Barclays Capital yesterday warned of an 'unhealthy' link between towering edifices and financial woes, in its latest annual Skyscraper Index survey.
It noted that China is currently the biggest builder of skyscrapers, while booming India is constructing the second largest tower in the world.
'Often the world's tallest buildings are simply the edifice of a broader skyscraper building boom, reflecting a widespread misallocation of capital and an impending economic correction,' it said.
According to the Skyscraper Index, construction of the world's tallest buildings has been linked to impending financial crises over the last 140 years.
For example, the Great Depression hit as the finishing touches were being put on the Empire State Building in New York in 1931, while the Asian financial crisis hit as Kuala Lumpur's Petronas Towers were finished in 1997.

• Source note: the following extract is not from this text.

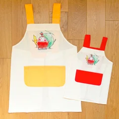 (キッズ&レディース)だるまさんと エプロン 親子セット レッド&イエロー
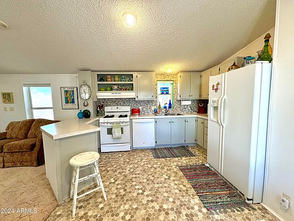 *BRAND NEW SEPTIC! HOME IS FINANCEABLE* Beautifully updated 3 bed, 2 bath home on a spacious 1/4-acre lot! Fully fenced with 3 RV gates and an RV hookup. Prime location right off HWY 60 with alley access. Large detached single-car garage with workshop, sink, vanity, toilet, storage cabinets, & laundry area (washer & dryer included). There's also an additional storage shed with shade. Enjoy the sunrise and sunset from your covered porch with recently resurfaced deck. This property is turn-key with a new roof, new windows, new AC unit, updated interior, & recently painted exterior. Inside you're welcomed by an open-concept living area. The tasteful kitchen showcases painted cabinets with new hardware, new flooring, backsplash, tons of counter space, breakfast bar, gas stove with hood, dishw asher, & sink overlooking the yard. There is even an eat-in kitchen area that also makes a nice office space. The kitchen opens to the great room with vaulted ceilings & door to back porch. Your master suite boasts a walk-in closet & en-suite bathroom with new flooring, painted vanity with backsplash, & tub/shower combo. 2 additional bedrooms on the opposite side of the home. Guest bathroom also has a painted vanity with backsplash, new flooring, & walk-in shower. Inside laundry hookup in the large storage closet that also doubles as a pantry. Mature trees, gravel, & decorative landscaping add to the charm of this beautiful property. This is the perfect place to call home. *Seller Financing available.* Come see today!

Dubai's Burj Khalifa, completed in 2010, is now the world's tallest building at 828m. As it was being built, Dubai nearly went bust and the world slid into the Great Recession.

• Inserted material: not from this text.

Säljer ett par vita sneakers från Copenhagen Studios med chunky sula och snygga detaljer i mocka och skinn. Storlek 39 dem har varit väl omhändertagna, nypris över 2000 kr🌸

'Building booms are a sign of excess credit,' said Mr Andrew Lawrence, director of property research and lead author of the report.
Historically, he noted, skyscraper construction has been characterised by bursts of sporadic but intense activity that coincide with easy credit, rising land prices and excessive optimism. But often, by the time the skyscrapers are finished, the economy would have slipped into recession.
The Barclays Capital report described China as the world's 'biggest bubble builder'. More than half - 53 per cent - of the 124 skyscrapers being built globally are in the Asian giant, which is primed to increase its stock of skyscrapers by a 'staggering' 87 per cent.
Said the report: 'China's skyscrapers are not only increasing in number - it now has 75 completed skyscrapers above 240m in height - but the average height of the skyscrapers that it is building is also increasing as past liquidity fuels the construction boom.'
Mr Lawrence noted that China's property market is already wobbling, with residential property sales dropping in Beijing and Shanghai.
India, too, is 'playing catch-up', the report added.
'Today India has only two of the world's 276 skyscrapers over 240m in height, yet over the next five years it intends to complete 14 new skyscrapers, in what will prove to be its largest skyscraper building boom.
'Worryingly as well, India is also constructing the second tallest building in the world, the Tower of India, which should (be completed) by 2016.'
Meanwhile, the country's non-performing loans - a substantial number of them to real estate ventures - grew by nearly a third in the first half of this fiscal year, far more than it has been growing in the past five years.
'If history proves to be right, this building boom in India and China could simply be a reflection of a misallocation of capital, which may result in an economic correction... in the next five years,' the report said.